Segment Start: RECORDS FOR THIS TASK
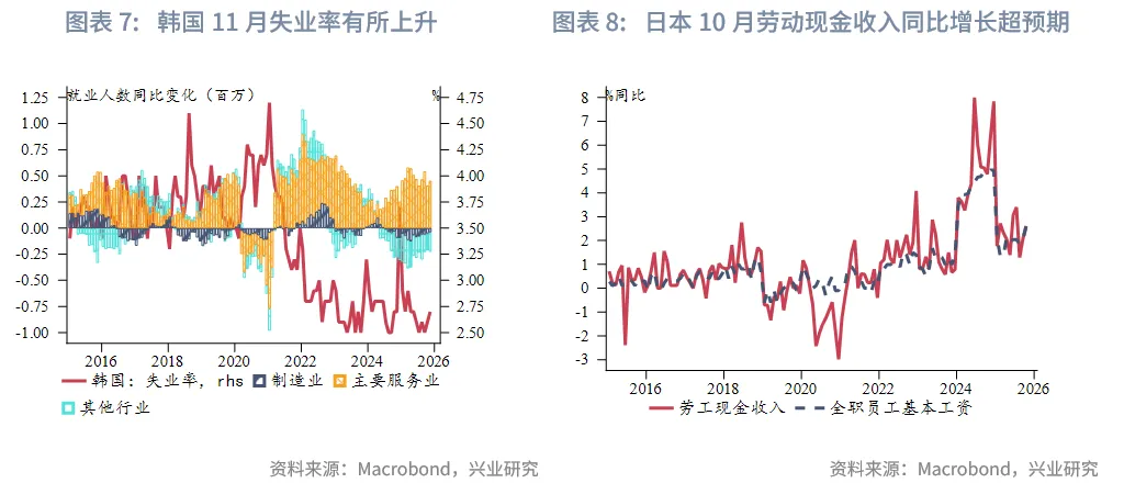 日韩:尽管11月有所上升,但韩国失业率仍处于低位,预计韩国央行维持当前利率不变。经季节性调整的失业率11月小幅上升0.1个百分点至2.7%。政府就业计划支持下的卫生与社会仍是创造就业的主要部门,11月新增28.1万个岗位。建筑业和制造业持续裁员,分别减少13.1万和4.1万个岗位。尽管私营部门的就业增长缓慢,劳动力市场或比失业率看起来脆弱,但出于对地产过热的担忧、以及AI对出口和经济的拉动,韩国央行当前并无急于改变政策利率的理由。日本10月工资增速加快或增强日本央行在12月18—19日会议上加息25个基点的可能性。劳动现金收入同比增长2.6%,高于9月修正后的2.1%和预期值2.2%。经通胀调整后,工资下降0.7%,降幅小于9月的1.3%和预期值1.2%。作为备受日本央行关注的指标,同样本基本工资同比涨幅放缓0.1个百分点至2.2%。目前市场预计日本央行加息25bp的概率已达约90%。
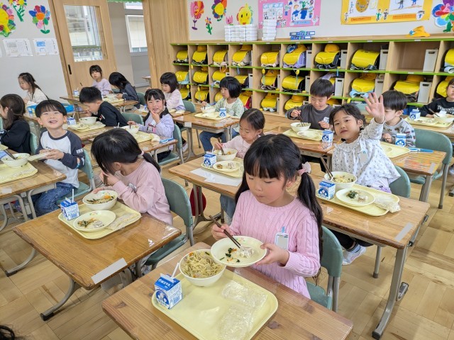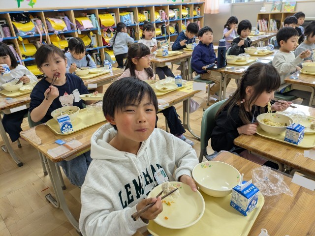 1年生は徐々に小学校の給食のリズムになれてきているようでした。
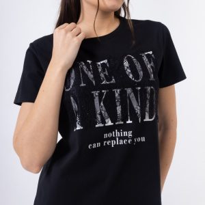 Μαύρο Κοντομάνικο Μπλουζάκι με Τύπωμα “One of a Kind” & Δαντέλα
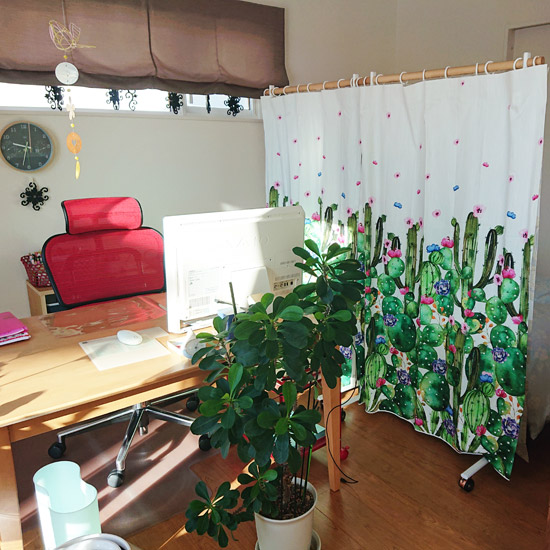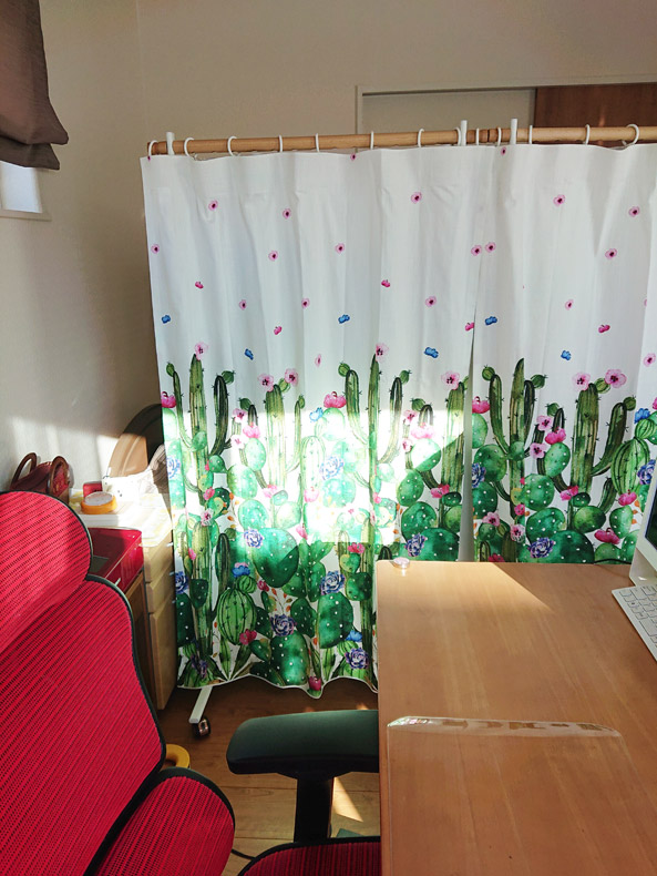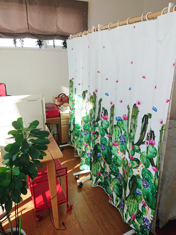 デスク側には一目惚れした美しい水彩画のサボテン柄のカーテンを掛けました。
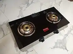 From Dutch komfoor, from Picard cauffoir, from Middle French [Term?] (French chauffoir), from Vulgar Latin calefare, from Latin calēre (heat) + facere (make, do).
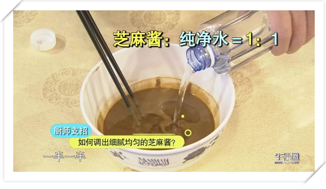 要想調制的芝麻醬細膩均勻不出現疙瘩,第一步就是要對芝麻醬進行稀釋。
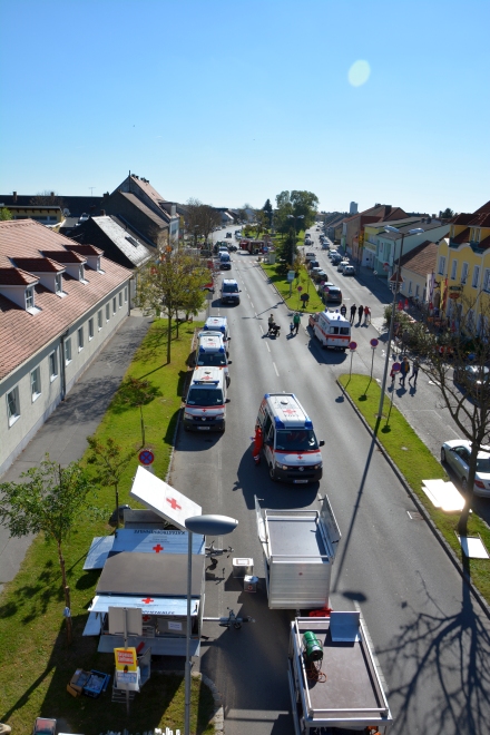 Am Sonntag, den 19. Oktober fand eine groß angelegte Katastrophen-Hilfs-Dienst Übung des Roten-Kreuzes im Krankenhaus Kittsee statt. Zusammengefasst wurde die Übung unter dem Namen “KittseeKAT 2014”. Eingeladen beziehungsweise hinzugezogen zu dieser Übung wurden neben der örtlich zuständigen Feuerwehr Kittsee, die Drehleiter der Feuerwehr Hainburg, der Hubsteiger aus Neusiedl am See und auch unsere Drehleiter.
Segment End: RECORDS FOR THIS TASK
ASSIGNMENT:
Please copy, exactly as written, the lines from the one that contains "要想調制的芝麻醬細膩均勻不出現疙瘩,第一步就是要對芝麻醬進行稀釋。" through the end of the records, both ends included. Do not include the pictures.

EXPECTED ANSWER:
 要想調制的芝麻醬細膩均勻不出現疙瘩,第一步就是要對芝麻醬進行稀釋。
 Am Sonntag, den 19. Oktober fand eine groß angelegte Katastrophen-Hilfs-Dienst Übung des Roten-Kreuzes im Krankenhaus Kittsee statt. Zusammengefasst wurde die Übung unter dem Namen “KittseeKAT 2014”. Eingeladen beziehungsweise hinzugezogen zu dieser Übung wurden neben der örtlich zuständigen Feuerwehr Kittsee, die Drehleiter der Feuerwehr Hainburg, der Hubsteiger aus Neusiedl am See und auch unsere Drehleiter.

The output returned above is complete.